An Embarrassingly Parallel job (EP-job) consists of several sub-jobs, with no dependency or communication between them. EP-jobs are able to achieve an excellent degree of utillization of the hardware (CPU and memory) because the individual tasks don't have to wait for each other or for the communication channels to become ready. The problem with EP-jobs is however is that they can be cumbersome to start, either having to create separate scripts for each or having some mapping from a one dimensional index into your full set of parameters.

The adispatch tool is provided to make starting this kind of job easier.
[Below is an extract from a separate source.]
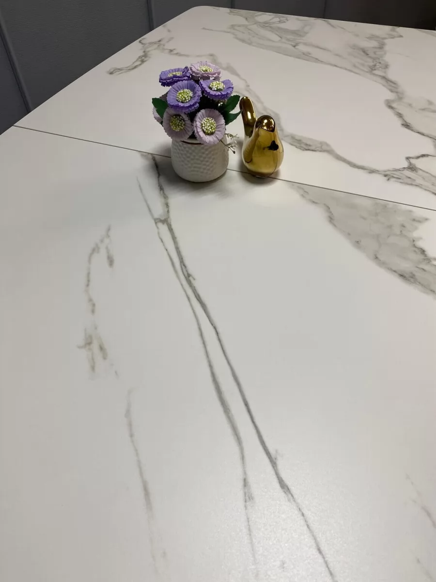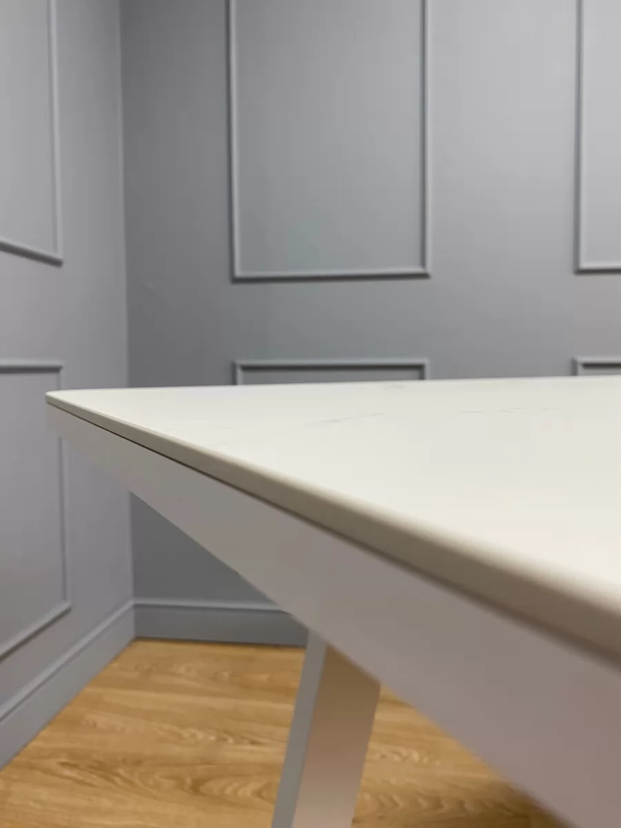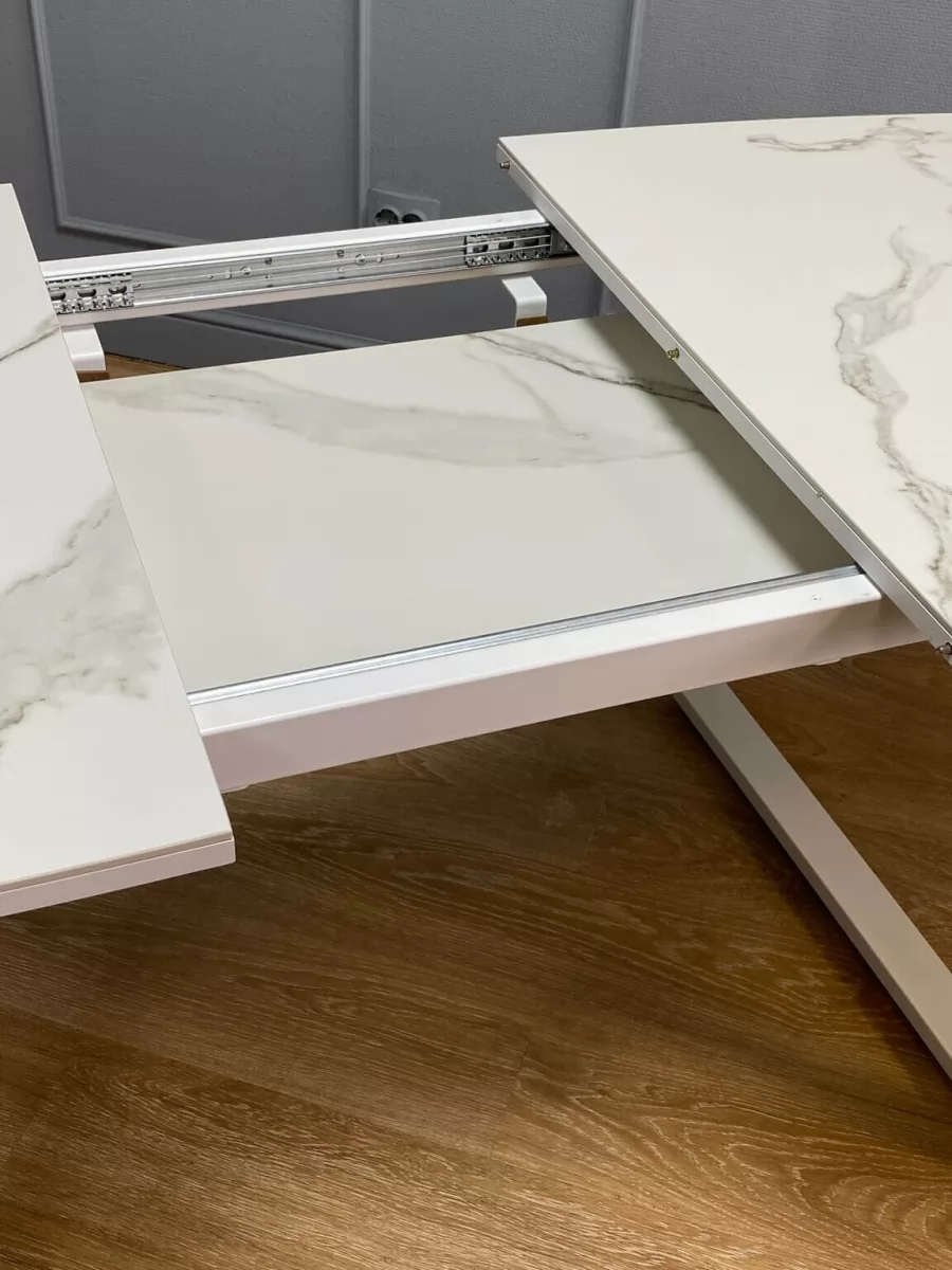 Простой и надежный стол с керамической столешницей, со скругленными, безопасными краями и идеальным качеством изготовления, и тонким, но очень прочным подстольем. У стола синхронный механизм раскладки (тянешь за одну половинку и вторая отъезжает сама), и сплошная вставка под столешницей. Сплошная вставка применяется не для экономии, а для надежности, т.к. керамика очень тяжелая. Сплошная вставка - наиболее беспроблемный и долговечный вариант вставки для стола с керамикой.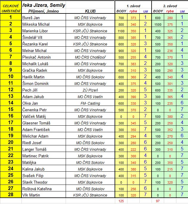 Krásné počasí, příroda, řeka, … jen těm rybám se moc nechtělo. Celkem se ulovilo jen něco málo pod čtyři sta ryb. A to na Jizeru je opravdu málo. Dokonce i když jsme si šli zachytat na jinak tutové místa to nebylo jako jiné roky. Ale ryby pěkné. Cena XXL za lipana přes čtyřicet cm , to je slušné. Odnesl si ji Jirka Pech. Černou kapkou a rozčarováním všech, bylo ale rozhodnutí státního trenéra Martina Gruna o tom, že první desítka v žebříčku

To use adispatch you create a file with each of the commands you want to run on separate lines. If you want to set any options for the jobs like timelimit or number of cores needed per command you can add SBATCH directives to the top of your command file. Instead of using SBATCH directives you can also give options to the adispatch commands that are passed along to sbatch, like -p express to use the express partition in the example below. The command file can also have comments (starting with #) or empty lines, both of which are ignored.

[user@fe1 ~]$ cat command_file
#SBATCH -c 4
#SBATCH --mem 2g
script param1 param2 ABC
script param2 param3 XYZ
...

[user@fe1 ~]$ adispatch -p express command_file
Submitted batch job 13288671

In this example we have a bunch of commands that specify in the command file that they need 4 cores and 2G of memory each. Additionally we know that they don't take long, so we ask for the express partition when submitting.

For any user that have used the old dispatch command, we still have a version of it available that only supports the dispatch -r format. The newer adispatch works better, since the resource usage is more dynamic. If there are a few commands that end up taking significantly longer than the rest the old dispatch would still hold on to enough resources for the "worst case," rather than just what the commands are actually using. With the new version you can also get more cores if the cluster is empty, your jobs can start earlier without having to wait for a larger allocation and jobs from other users can be interleaved - giving a more fair usage overall. The old dispatch also has some limitations. You need to create a wrapper script that doesn't do anything other than calling dispatch and asking for resources. It cannot read SBATCH directives from the command file and needs them to be specified on the command line or in the wrapper script. It needs the timelimit to cover the entire job and not just one of the commands. Finally it doesn't have a way of indicating that each command needs multiple cores.